Tenho uma reclamação a aguardar resposta da CP há dois meses. Eventualmente, não têm pessoas suficientes. Resolvo espreitar o Relatório e Contas de 2016, o último disponível no site. De um quadro de 2.737 colaboradores, 1.253 são comerciais, indica o relatório.
Fico a pensar… comerciais? 1.253? Quando em muitas estações já nem estão pessoas? A não ser utentes, nas filas para as máquinas, claro. Quem são estes comerciais e o que fazem? Depois leio que em acções de formação diversas estiveram 2.632 colaboradores. Um dos módulos é denominado “Clientes”, certamente desenhado para os comerciais.
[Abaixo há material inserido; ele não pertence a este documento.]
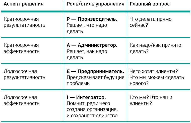 Но ни один человек не может совместить в себе все роли управления, поэтому идеального менеджера не существует. Основной парадокс человеческой жизни в том и заключается, что для принятия правильного решения нужны все роли. Каждая из них подходит к проблеме со своей точки зрения и решает отдельный ее аспект.

Afinal, talvez não, porque, neste módulo, estiveram apenas dez colaboradores. Calculo que os clientes sejam então o menos importante para esta empresa.
Mas temos de ser optimistas. O site indica como objectivos estratégicos: 1) a promoção da eficiência e 2) o alcance da sustentabilidade económico-financeira. Como é que o pretendem fazer, não dizem!
Tendo em conta que no final do primeiro semestre deste ano o capital próprio será negativo em 2,246 mil milhões de euros, que a dívida ascende a 2,6 mil milhões e que só em 2017 e 2018 já foram injectados mais de 570 milhões de euros na empresa, parece-me que alguma coisa está claramente a falhar na concretização deste segundo objectivo.
Os 55 milhões disponibilizados em 2018 servem “para suprir as necessidades correntes do serviço da dívida, investimento e alguns gastos com pessoal pelo acordo histórico de abonos variáveis”. Ou seja, na realidade, tesouraria. Mas quer saber a melhor parte? Não obstante estas entradas de capital brutais, o presidente da CP diz que “se mantêm as restrições orçamentais e a ausência dum contrato de serviço público definidor de obrigações e respectivas compensações financeiras”. Estamos a falar de quê? A que compensações financeiras se refere?
De resto, todo o discurso no Relatório e Contas é muito positivo. Realçam até que “2016 foi um ano bissexto” durante o qual “não se registaram greves”. Resumindo, um ano em grande!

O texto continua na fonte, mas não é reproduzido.